In the recent case of Nusrat v Gibbs Transport, I acted on behalf of the defendant company in a trial listed on the multi-track at Central London County Court for 2 days. The claim arose out of a road traffic accident on 10/05/09 whereby the defendant driver in a lorry ran into the back of the claimant’s vehicle on the North Circular. The issues related to the claimant’s credibility as he had an RTA/claims history, a subsequent claim from an accident on 15/09/09 had been repudiated pre-issue on the grounds of fraud and his vehicle had previously been a Category B write off.
On the day of trial the claimant’s counsel made an application to have an interpreter for the claimant. Two interpreters had attended before when the matter was listed for trial in Barnet CC in November 2011 – that was adjourned to allow the defendant to conduct further investigations and amend their defence to plead fraud.
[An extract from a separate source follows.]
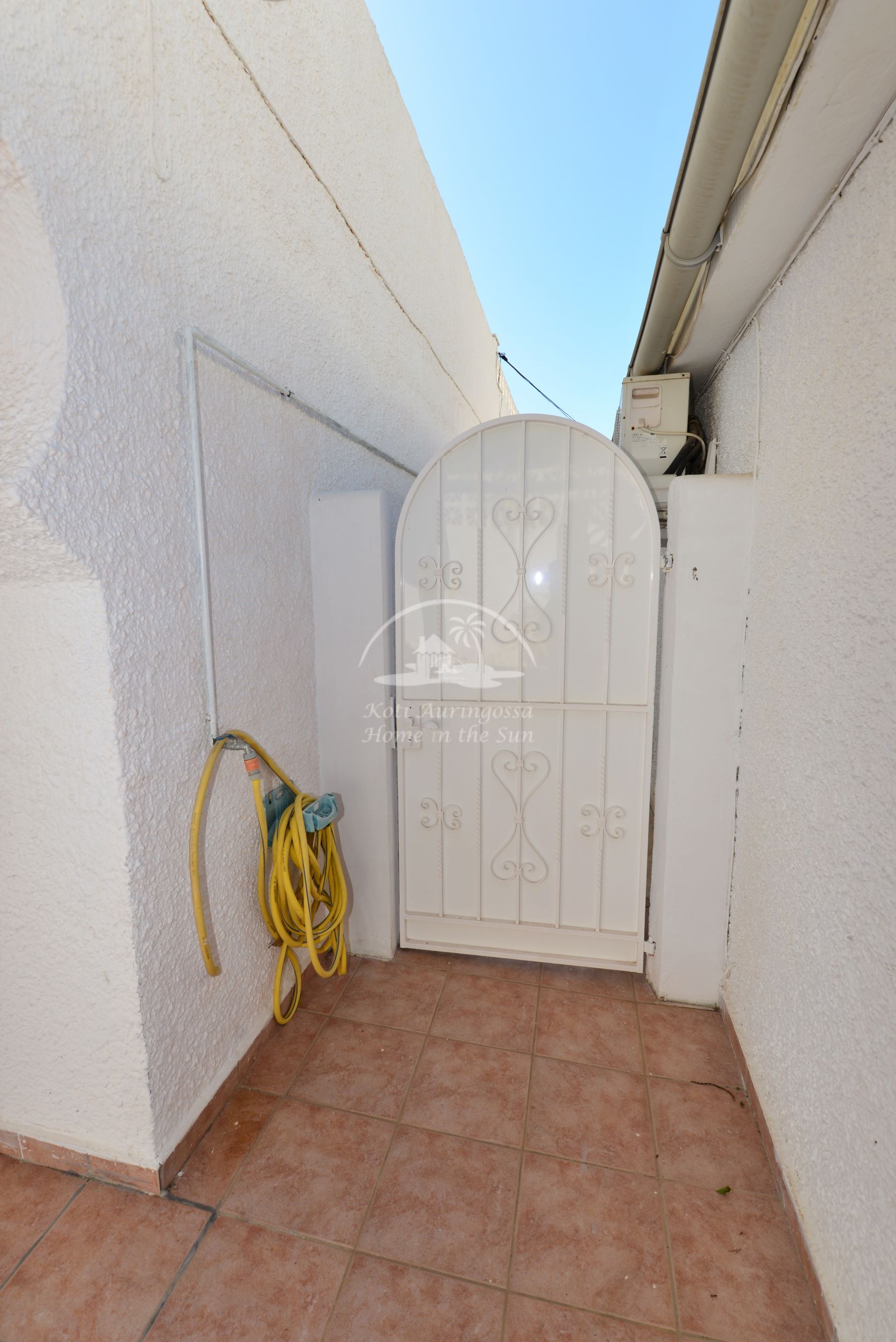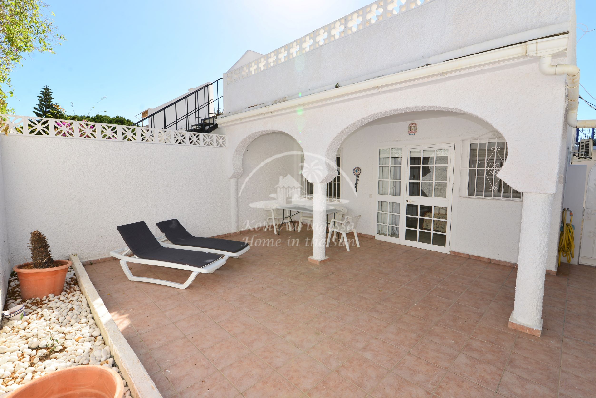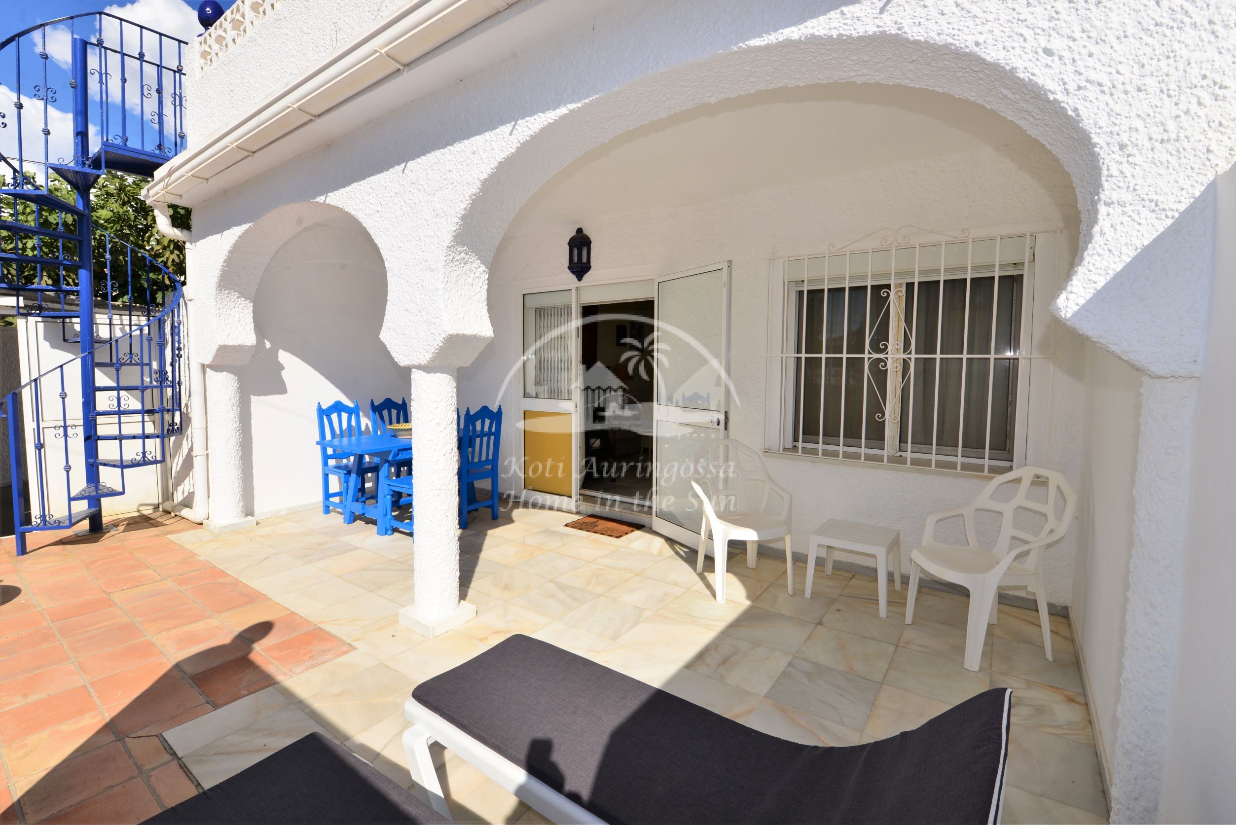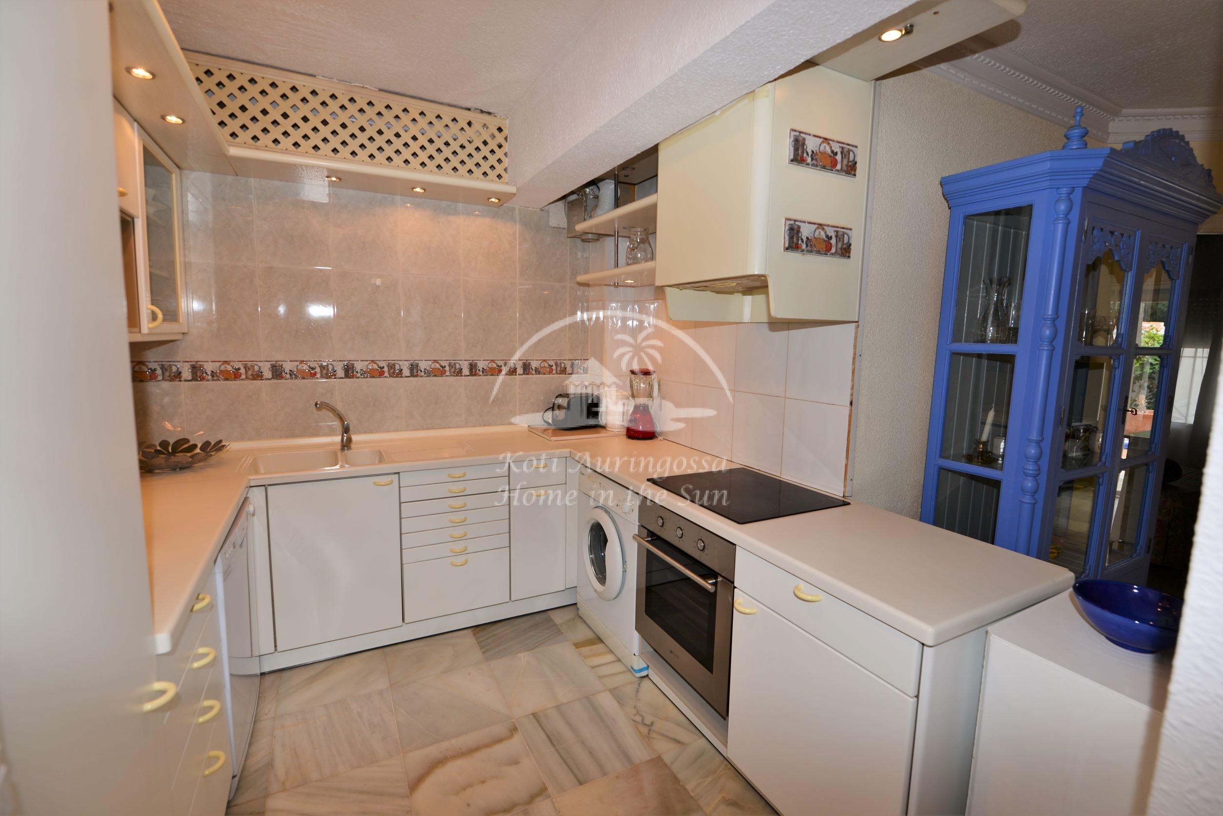 Valoisa olohuone ja ruokailutila. Olohuoneesta on käynti etelään päin olevalle osittain katetulle terassille. Moderni amerikkalainen keittiö jossa on myös astianpesukone ja uusi kiertoilma uuni. 2 makuuhuonetta. 2 kylpyhuonetta. Päämakuuhuoneesta on käynti pohjoiseen päin olevalle reilun kokoiselle suojaisalle sisäpatiolle.

HHJ Lamb QC found there were no statements of truth from an interpreter on the two witness statements relied on by the claimant or on his reply to the Amended Defence which had been signed by him personally. On that basis the evidence from the claimant could not be relied on and the claimant had failed to draft the witness statement in accordance with CPR 32.4.5 and it could not be said that the statements were in his own words. It was crucial in cases where fraud/credibility was in issue that the defendant should know the case it had to meet and the claimant’s evidence in detail. The crux of the defendant’s case revolved around the veracity of the claimant’s evidence and cross examination of the same.
HHJ stated that the claimant’s solicitors ought to have known he needed an interpreter for his statement as two had been present at the earlier trial and they had failed to properly comply with the order for witness statements to be exchanged by order dated 25/01/12. The contention by the claimant’s counsel that the interpreter translate statements to the claimant while he was in the witness box was unsatisfactory and denied the defendant their right to know what the claimant relied on in his case.
HHJ found the claimant was in breach of CPR 1.3 – they had not assisted the court and he struck out the claim under CPR 3.4.2(C). The failure to translate/interpret the claimant’s evidence was a fundamental breach of the rules in this case. The defendant was awarded costs on an indemnity basis after the notice of trial and on a standard basis before that date.